Also, as discussed above, the trial judge in the Superior Court Action unambiguously charged the jury on the required elements for fraud under Connecticut law which further demonstrates that the elements of § 523(a)(2)(A) were actually and necessarily litigated. See ECF Adv. 55, Exhibit L to plaintiffs’ Motion, Jury Charge at 8-9; see also, id. at 9 (“... [a]nd, again ... unless you find yes to all of those questions ... you must find for the defendant”). Further, the Jury Interrogatories expressly demonstrate that as to the fraud count, the jury affirmatively found reliance by the plaintiffs on the defendant’s misstatements. Thus, even interpreting ambiguities in a light most favorable to the non-moving party, the only reasonable conclusion is that the instances of fraudulent misrepresentation alleged in the Superior Court Action — and affirmatively found by the jury in its verdict along with reasonable reliance by the plaintiffs on those misrepresentations — concern fraudulent misrepresentations in connection with the Settlement Agreement. In light of all of these findings, the court’s conclusion that issues of fraud were actually and necessarily litigated is the only reasonable interpretation of the Superior Court Verdict and Jury Interrogatories.
Therefore, the plaintiffs have demonstrated that the essential elements of fraud *29under Connecticut law were found in the Superior Court Action by at least a preponderance of the evidence. Thus, the plaintiffs have demonstrated, by a preponderance of the evidence, the essential elements of nondischargeability under 11 U.S.C. § 523(a)(2)(A). Application of collateral estoppel is therefore appropriate as a matter of law.
The defendant has failed to demonstrate a genuine and material issue of fact and has failed to demonstrate that the plaintiffs are not entitled to relief as a matter of law. Therefore, with regard to the breach of contract verdict and award of damages in the amount of $23,160.00, and with regard to the fraud verdict and award of damages in the amount of $ 1.00, both debts are hereby deemed nondischargeable under § 523(a)(2)(A), as alleged in Count One of the Adversary Complaint, and summary judgment is GRANTED in favor of the plaintiffs on that issue.3 In his cross-motion, the defendant moves, inter alia, for summary judgment under § 523(a)(2)(A) as to the fraud verdict and damages award in the Superior Court Action. In light of the court’s ruling above, the defendant’s cross-motion is hereby DENIED as moot.

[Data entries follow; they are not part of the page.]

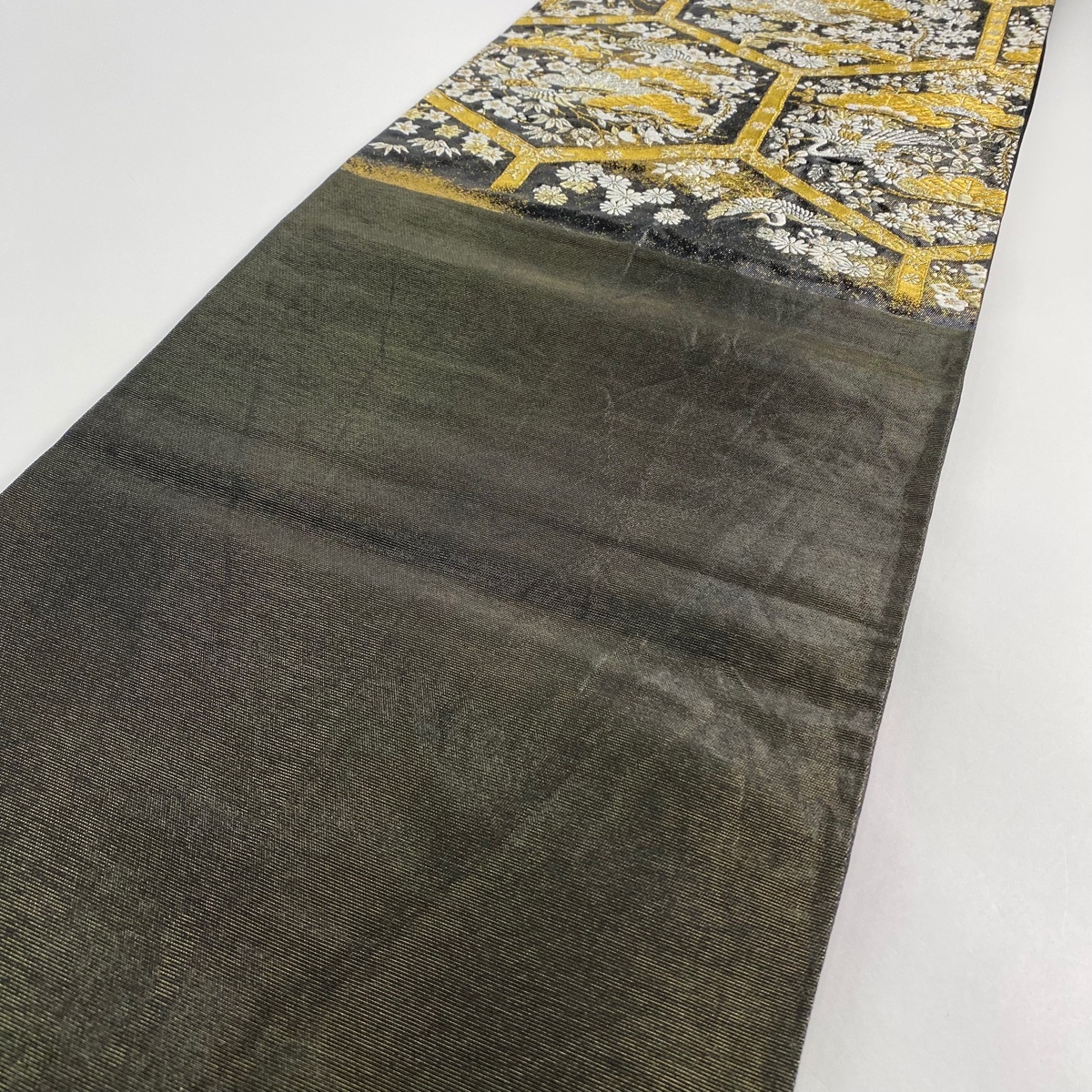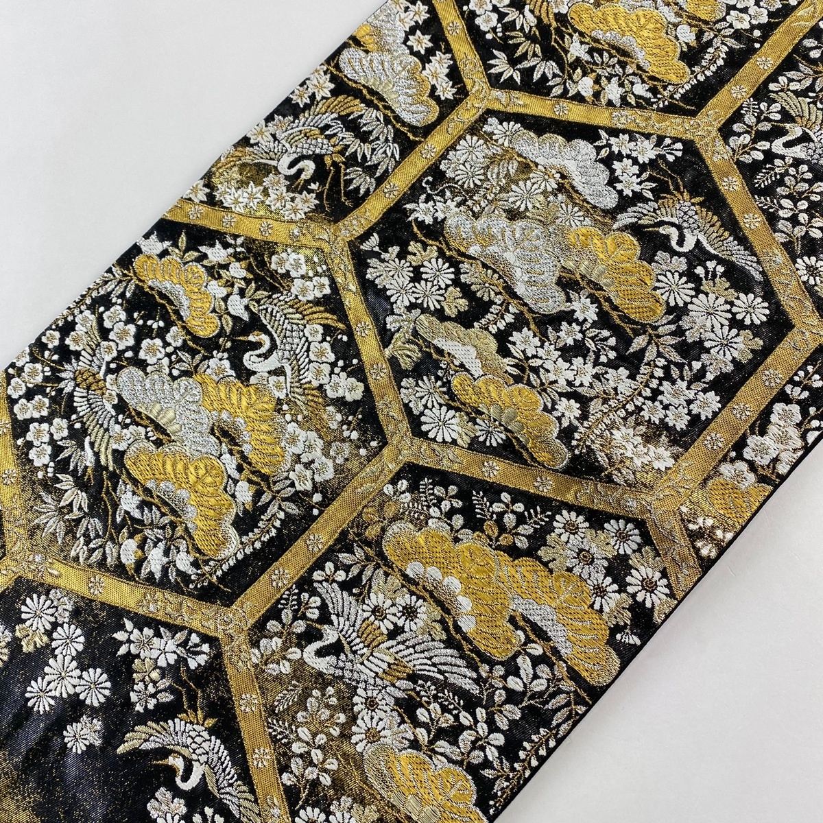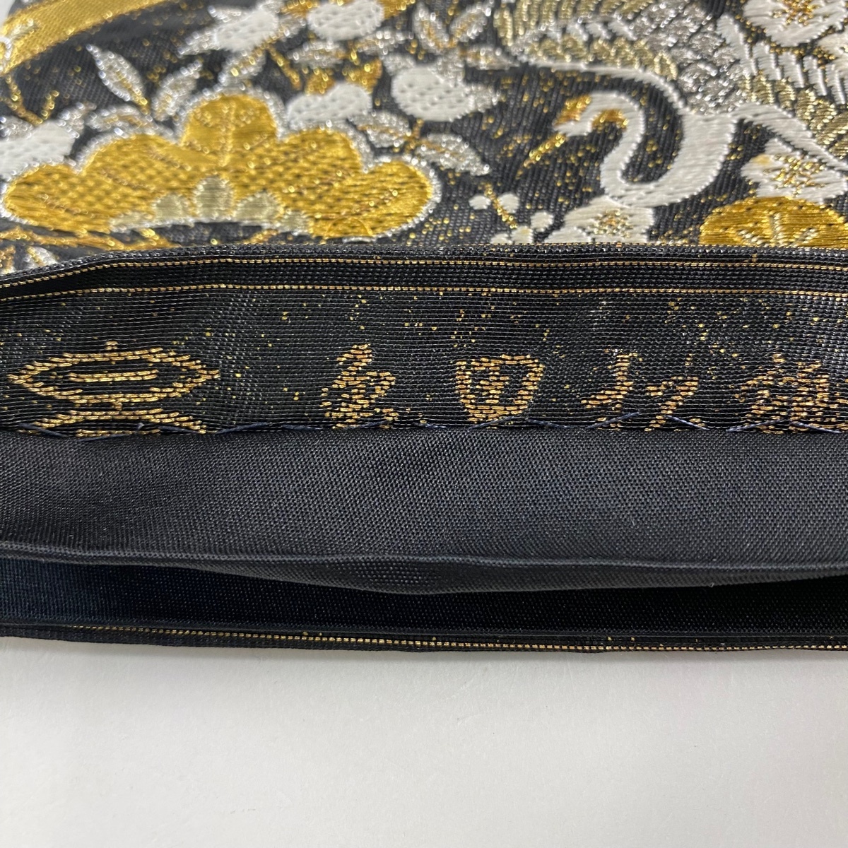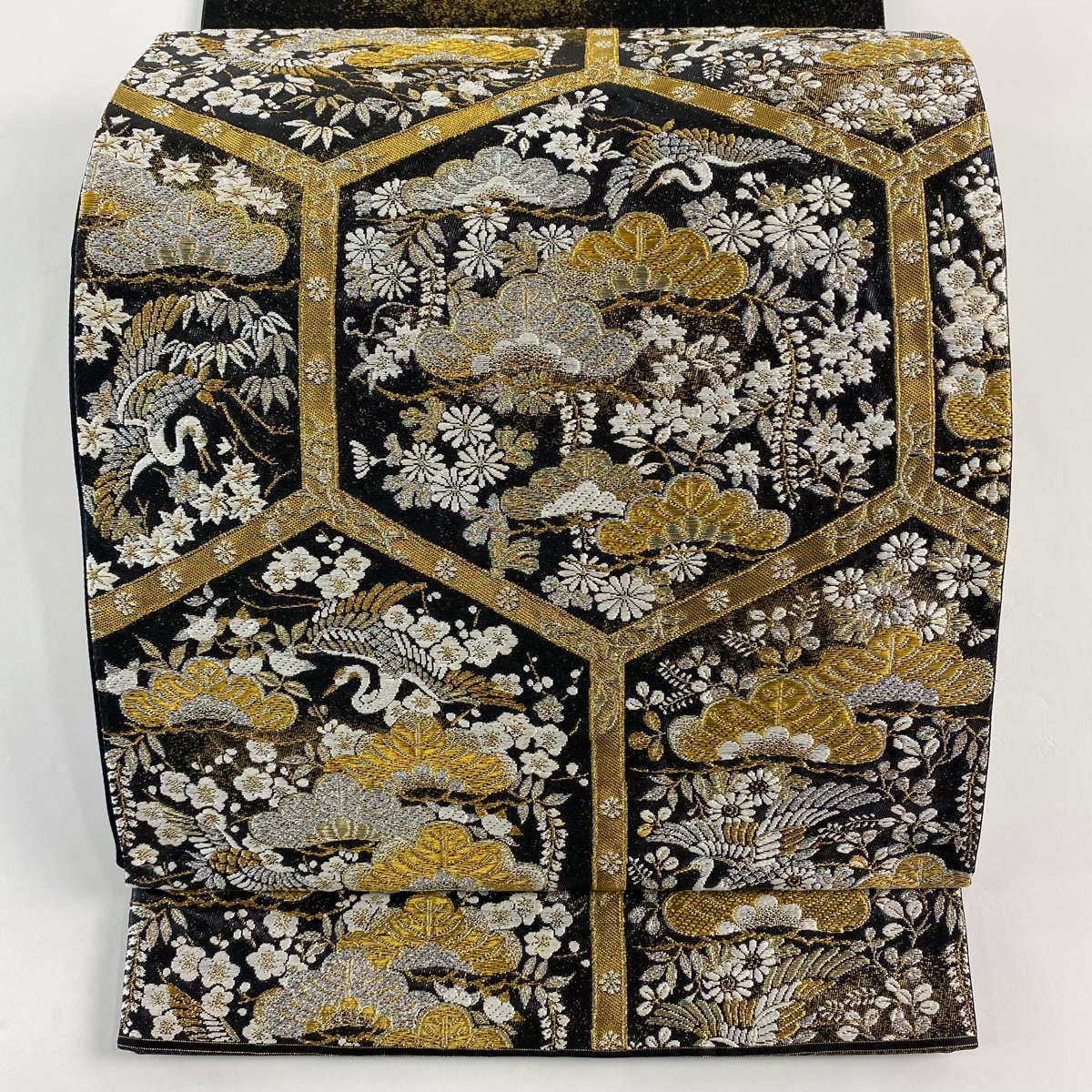 | 袋帯 美品 名品 河村織物 落款 亀甲松鶴文 金銀糸 箔 黒 六通 正絹 【中古】 |
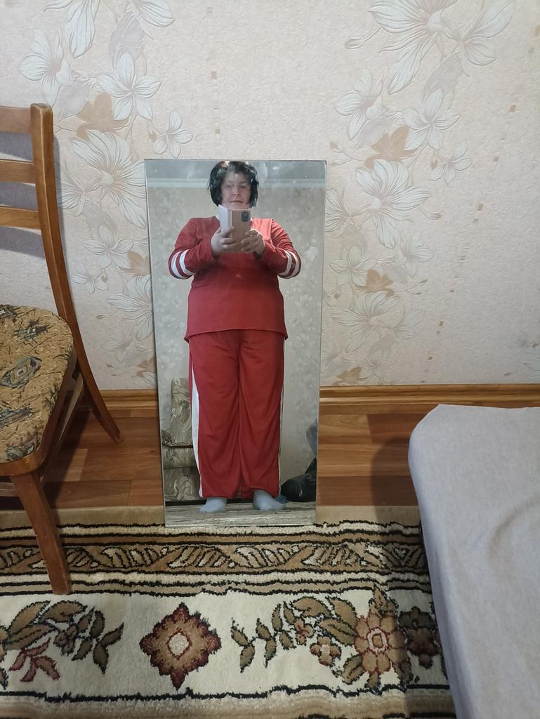 Костюм супер, в рукавах немного длиноват и штаны немного длиноваты, но наверное из за роста, у меня 1,62 м, это исправимо, штаны снизу на резинке.Взяла на размер 58-60, ОГ 126,ОБ 128, свободно не облигает. Материал хороший, не електризуется, приятный к телу.Рекомендую к покупке.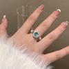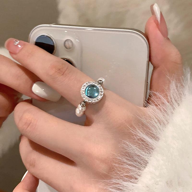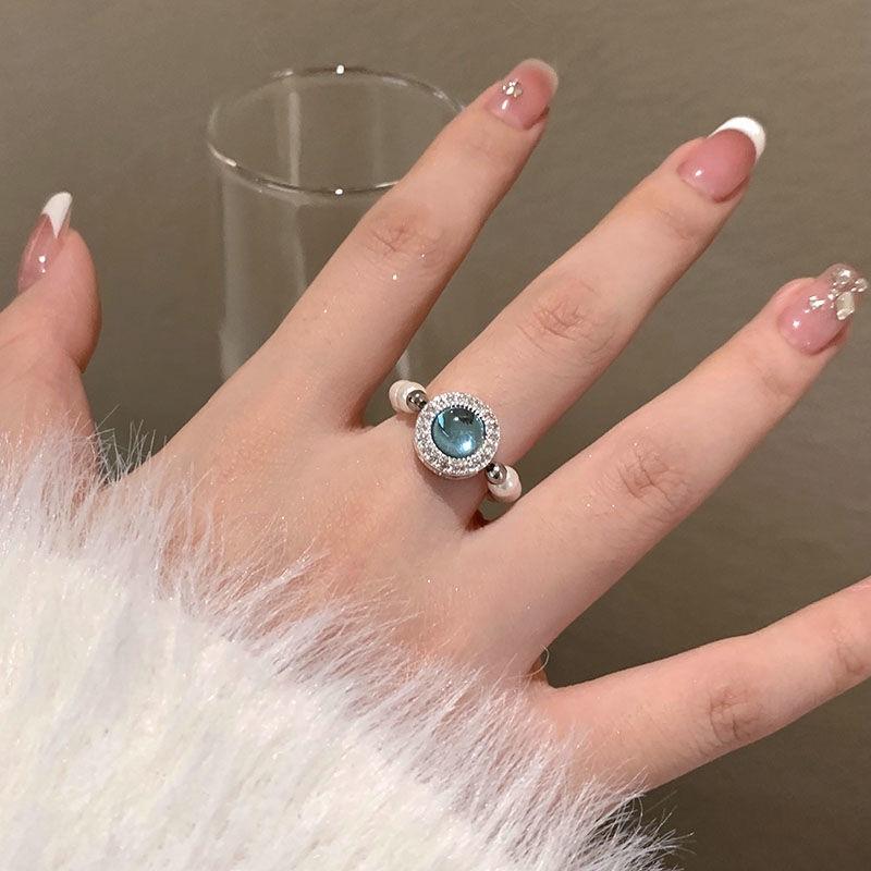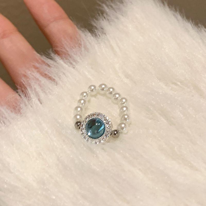 Anillo de Cuentas de Perlas de Zircón Azul para Mujer, Ins Nicho Lujo Ligero 2025 Nueva Moda Anillo de Dedo Índice de Cuerda Elástica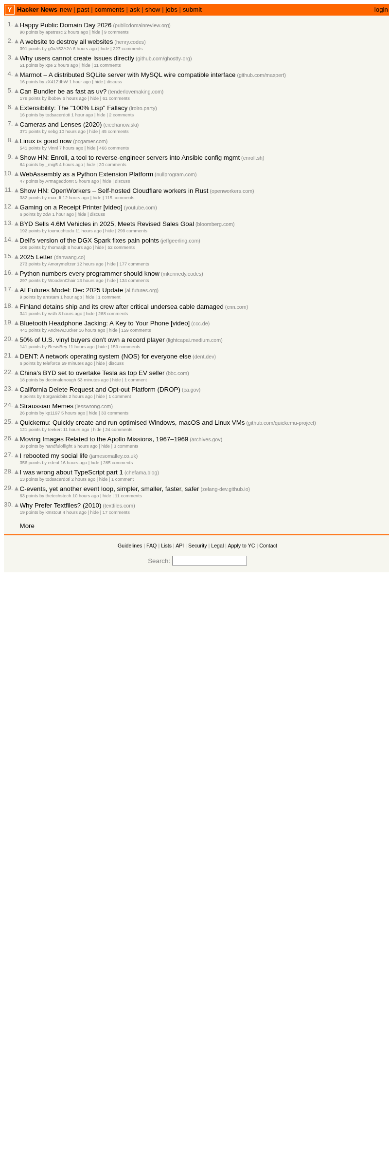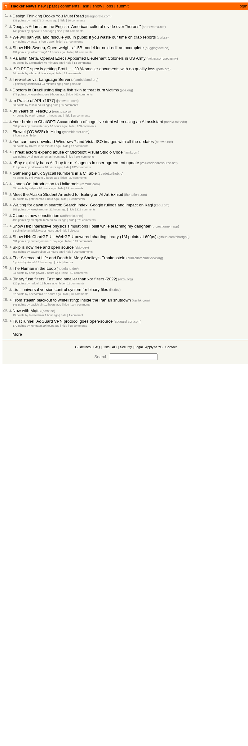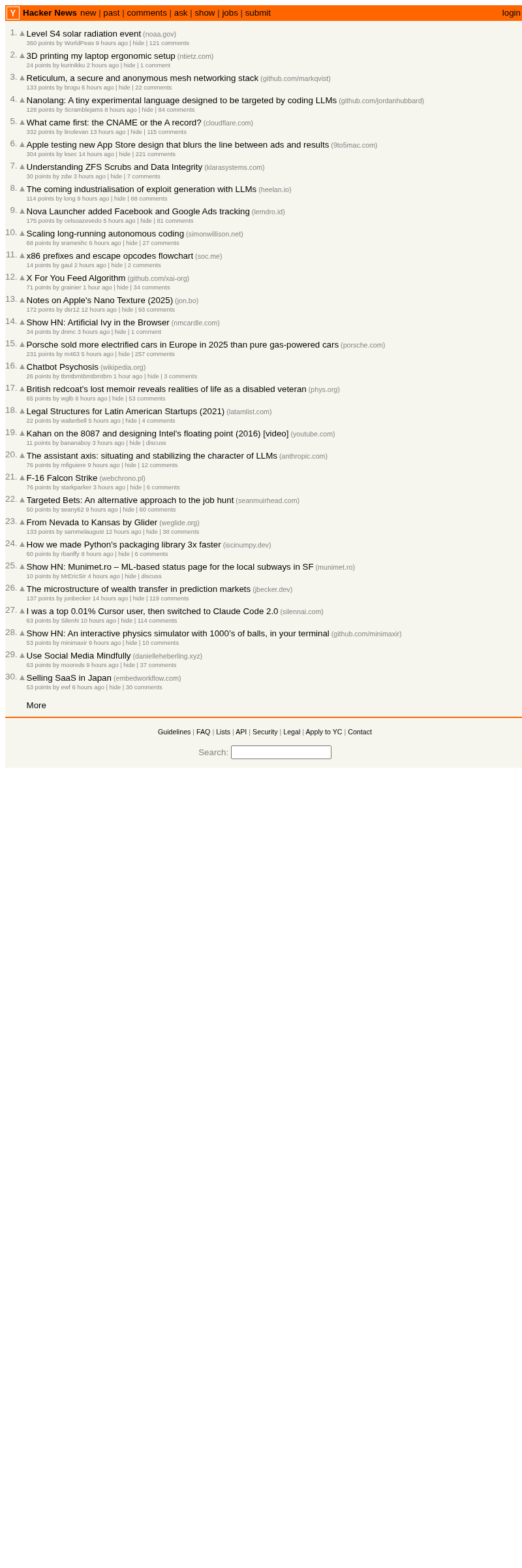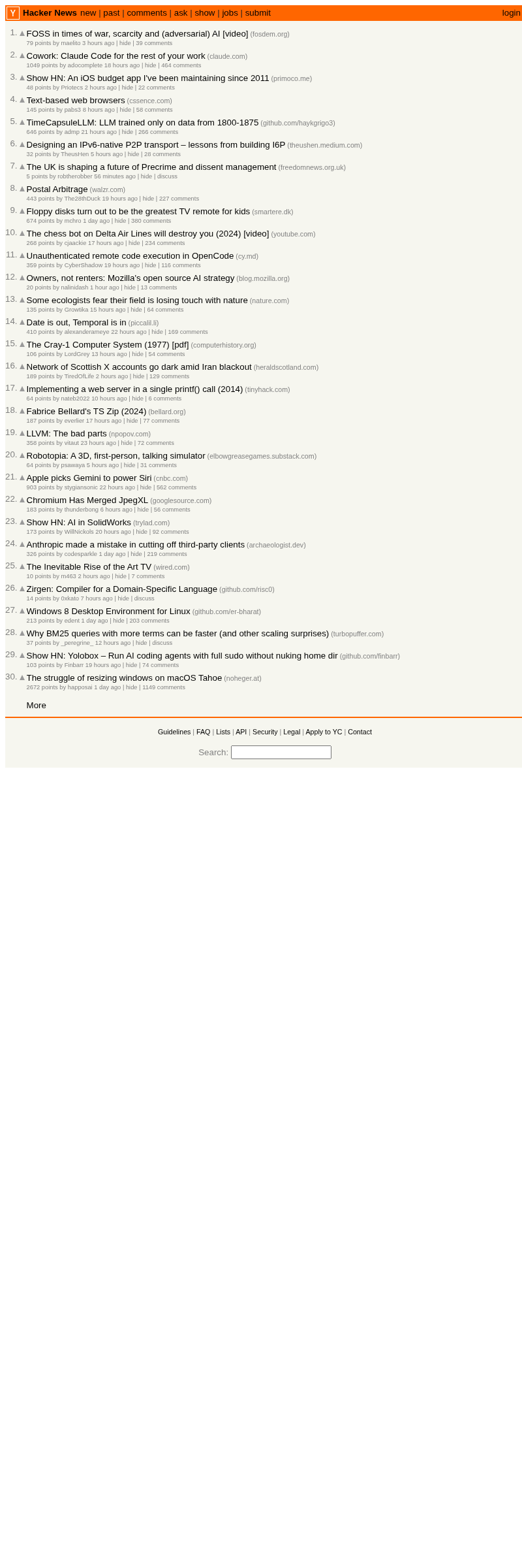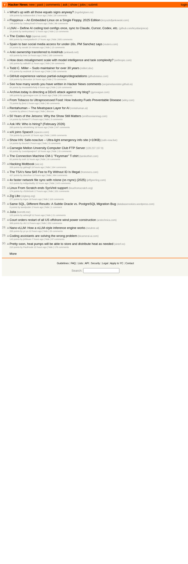 The list shows 30 Hacker News posts. I scanned the titles and domains for the term 'brightwheel' and found no matches; none of the posts mention brightwheel.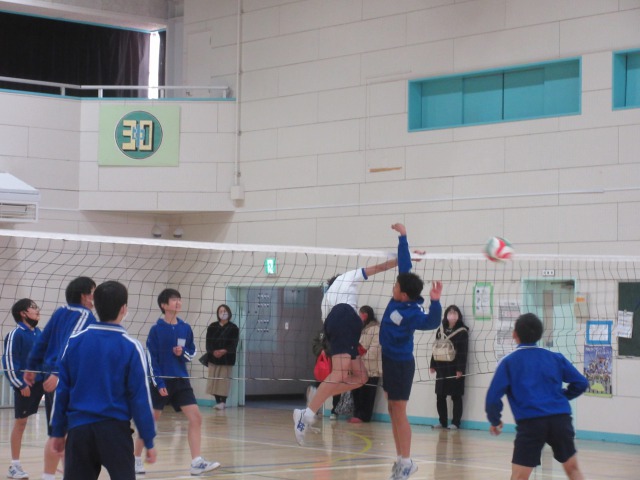 公開授業は体育でした。男子はバレーボール、女子はソフトボールとなっております。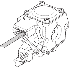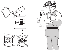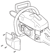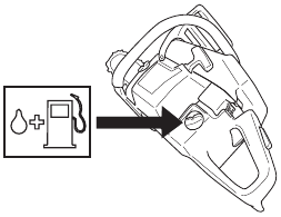 | Check the saw chain with regard to visible cracks in the rivets and links, whether the saw chain is stiff or whether the rivets and links are abnormally worn. Replace if necessary. | Clean or replace the spark arrestor screen on the muffler. | Empty the fuel tank and clean the inside. |

2. Collateral Estoppel Effect of All or Some of the Superior Court Verdict on Count Three — Section 523(a)(6) cause of action
In general, a discharge is unavailable for a debt resulting from a “willful and malicious injury by the debtor to another entity or to the property of another entity.” 11 U.S.C. § 523(a)(6); see also Parris v. Delaney (In re Delaney), 504 B.R. 738, 748 (Bankr.D.Conn.2014). The creditor bears the burden of showing which part of a judgment is based upon willful and malicious injury. 4 Collier on Bankruptcy ¶ 523.12[5], p. 523-97 (Alan N. Resnick & Henry J. Sommer eds., 16th ed. rev. 2014), citing United States Credit Bureau, Inc. v. Digoras, 169 Cal.App.2d 673, 337 P.2d 866 (1959). As is true in any dischargeability action, a creditor seeking to establish non-dischargeability under this section must do so by a preponderance of the evidence. Delaney, 504 B.R. at 748; Orr v. Marcella (In re Marcella), 463 B.R. 212, 219 (Bankr.D.Conn.2011).
The plaintiffs argue that the debt, in whole or in part, is nondischargeable because it resulted from a willful and malicious injury by the defendant and summary judgment should enter in their favor. The plaintiffs advance several arguments in support of their claims and the defendant contests those arguments. The court will address each of the plaintiffs’ arguments and the defendant’s responses to those arguments in turn.
a. Breach of Contract Verdict and Count Three — Section 523(a)(6) cause of action
In light of the grant of summary judgment with regard to the nondischargeability of the breach of contract verdict under § 523(a)(2)(A), the court need not address the parties’ arguments regarding the breach of contract verdict under other subsections of 523(a) and thus declines to do so. However, the court notes a general principle with regard to § 523(a)(6) and its relationship to the other subsections of § 523(a), as expressed in Collier on Bankruptcy:
*30[s]ection 523(a)(6) generally relates to torts and not to contracts ... [and, further, cjonduct which may give rise to a nondischargeable debt under section 528(a)(6) may also be nondischargeable under other subsections of section 523(a) ... [accordingly, because flour other subsections of section 523(a) make different sorts of debts procured by fraud nondischargeable ... in considering claims of nondischargeability under section 523(a)(6) arising from conduct which may give rise to nondischargeability of a debt under other subsections of section 523(a), courts must be careful to preserve the elements of nondischargeability and limitations on nondischargeability found in other, more specific ... subsections of section 523(a) to prevent section 523(a)(6) from rendering superfluous those other subsections.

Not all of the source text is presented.